A big problem we noticed early on was the use of GL3W, which generates code to lazily load all OpenGL functions at runtime--at all places where an OpenGL function was used we would simply see a call to some offset in the data section. Unfortunately we couldn't find a script to re-symbolize function calls, but we plan to make one soon-ish :)

We can see the huge routine which calls LoadLibrary on every OpenGL function, at sub_4032c0.


Instead of symbolizing (by hand) all of the symbols, we only bothered to load ones which had valid XREFs to them, saving a bit of time.

Running the Program


Unfortunately all the RPI-sold computers from our year are not yet reported to support OpenGL 4.3, so first and foremost we had to patch the OpenGL verification check from 4.3 to 4.2. Surprisingly, this "just worked" despite the code making use of Compute Shaders which I had thought to be introduced in OpenGL 4.3.

The program simply opens up a window, and asks for a password. After we've entered 32 characters, the program either responds "good" (presumably), or "Nope".


When we XREF the string Nope, we see that it is used when constructing the texture to be printed for this SDL event loop iteration. Not too far from "Nope" do we find "Good", and we notice that "Good" is only selected if a particular global variable is set. We trace this back to the following code in main:


We want should_compute here to be 2, meaning the memcmp succeeded. Buf2 is the following string:

30c7ead97107775969be4ba00cf5578f1048ab1375113631dbb6871dbe35162b1
c62e982eb6a7512f3274743fb2e55c818912779ef7a34169a838666ff3994bb4d
3c6e14ba2d732f14414f2c1cb5d3844935aebbbe3fb206343a004e18a092daba0
2e3c0969871548ed2c372eb68d1af41152cb3b61f300e3c1a8246108010d282e1
6df8ae7bff6cb6314d4ad38b5f9779ef23208efe3e1b699700429eae1fa93c036
e5dcbe87d32be1ecfac2452ddfdc704a00ea24fbc2161b7824a968e9da1db7567
12be3e7b3d3420c8f33c37dba42072a941d799ba2eebbf86191cb59aa49a80ebe
0b61a79741888cb62341259f62848aad44df2b809383e09437928980f

So, once our input is hashed, it must match the above value. The hashing of our input seems to occur at sub_401BF0, and through windbg we can confirm that our input is the first argument, and the hash is written out to the second argument. Nothing much happens here, however, though we do see references to glUseProgram and glDispatchCompute, as seen below:


Although we can see the fragment and vertex shaders in clear view in the strings, we can't see any reference to the compute shader glsl source. We assume it's encrypted somehow, so we break on glCompileShader and wait until the glsl compute shader is decrypted. This is a wild guess, as the shader could have been precompiled somehow but we punt on this.

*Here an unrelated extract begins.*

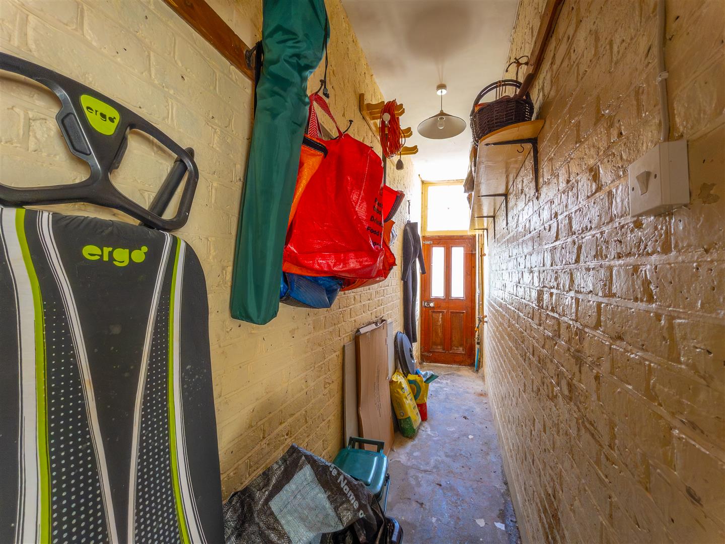 Side Entrance - With coat hanging rail, shelving, outside tap and part glazed side entrance door.

The dumped source is as follows, after adding the proper formatting:

Reversing the Compute Shader


We note a few properties of the hashing function below:

  1. The h variable is constant for all iterations of this compute shader. It is dependent only on the password.
  2.  The only place in which the index, idx affects final is where we compute final ^= idx << i in a loop. This is completely reversible.
  3. Other than these 2 conditions, final is completely dependent on the current character.

Our goal here is to exploit these characteristics to find an idx-independent and password-independent hash for each character. This would allow us to brute force the password character by character. We can find the h of the real password like so:

hash_C  = reverse_idx(final_C) ⊕ hash_h
hash_C' = reverse_idx(final_C) ⊕ hash_h'

Here, hash_C is the value of the first index corresponding to the 'C' character in 'CTF' (we're assuming the password starts thus because of the flag format), for the real password, or the password we'd like to find. hash_C' is the value of the same index in our dummy string, say CTF{AAAAAAAAAAAAAAAAAAAAAAAAAAAA which also has a 'C' at the same index. hash_h represents the h value used to xor with the output of the hash function for the real password, and likewise hash_h' is this value of h for our dummy password.

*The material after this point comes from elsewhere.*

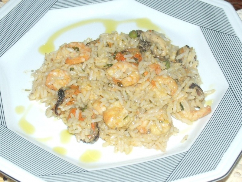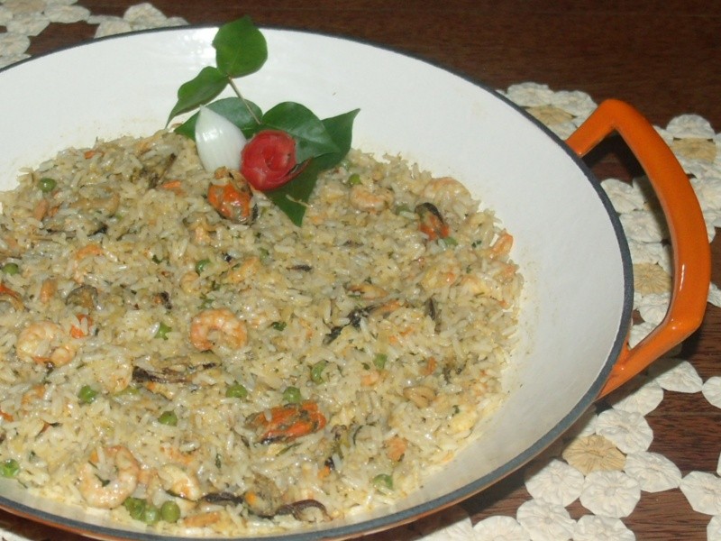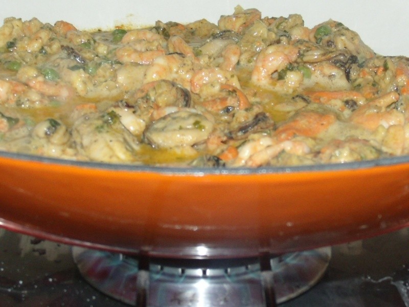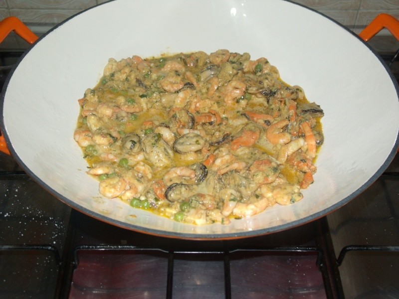 Em uma panela apropriada para risotos ou paellas, levar ao fogo o azeite e refogar o alho e a cebola até que ela fique transparente. Acrescentar os tomates, o pimentão, o coentro, a cebolinha e a pimenta de cheiro. Refogar e colocar um pouco de água, o curry e as ervilhas. Baixar o fogo para que cozinhe sem secar o caldo. À parte, temperar os camarões com sal e limão e dar uma selada no azeite (fritar ligeiramente), retirando-os do fogo assim que eles ficarem rosados (pode acrescentar uma colherinha de manteiga para dar mais sabor). Juntar ao molho da panela, incorporar os mexilhões e temperar com sal e piment-do-reino. Desligar uns 5 minutos após levantar fervura. Misturar o arroz refogado (que deve estar quente), decorar a gosto e servir imediatamente. Bom apetite!

Note that final_C is the same for both the real and the dummy password; it's passed out of the hash function. The reverse_idx function removes final_C's dependence on idx, reproduced below:

reverse_idx(final,idx) = final ⊕ (idx<<0) 
                               ⊕ (idx<<6) 
                               ⊕ ... 
                               ⊕ (idx<<26)

Finally, to compute hash_h, we simply need to perform the following:
hash_h = hash_C' ⊕ hash_C ⊕ hash_h'

Although it took a lot of work, we now have h of the target password, since we know hash_C', hash_C, and hash_h'. With this, we can figure out the hash value of every character in the password, independent of the character's index, and brute force them character by character.

Brute Forcing the Password


Unfortunately we were unable to replicate this algorithm forwards in C++, for some unknown reasons (probably something to do with the calc function). Since we were running out of time, we opted instead to compute a lexicon of characters up front with the debugger. We then took the hash of each character and made them idx-independent, as well as un-xor'd their h terms, like so:


Now, all we need to do is take Buf2's characters and render them also idx-independent, un-xor them with the known h for this password (which turns out to be 0x6f6f6f6f, computed in the previous section) and then match each hash with the known values in our lexicon, as below:


The resulting flag is: CTF{OpenGLMoonMoonG0esT0TheMoon}

Google CTF Quals 2017 - The X Sanitizer

This is a writeup on The X Sanitizer challenge from Google CTF Quals 2017, which took place on 6/16/17-6/18/17, and was categorized as a web challenge. This writeup was also submitted to the Google CTF Writeup Contest. Thanks to Nick Burnett (itszn on IRC) for solving the challenge and for authoring the writeup!

Challenge Description


Investigation: Index page


The site contains a text box, which we can enter html into. When the button is clicked, it runs some kind of sanitization program, and finally renders the output back to the screen. The page claims that the entire process is client side, and that there is no hidden server logic. From this and description, I would guess that the goal is to preform a Cross Site Scripting (XSS) attack on the page.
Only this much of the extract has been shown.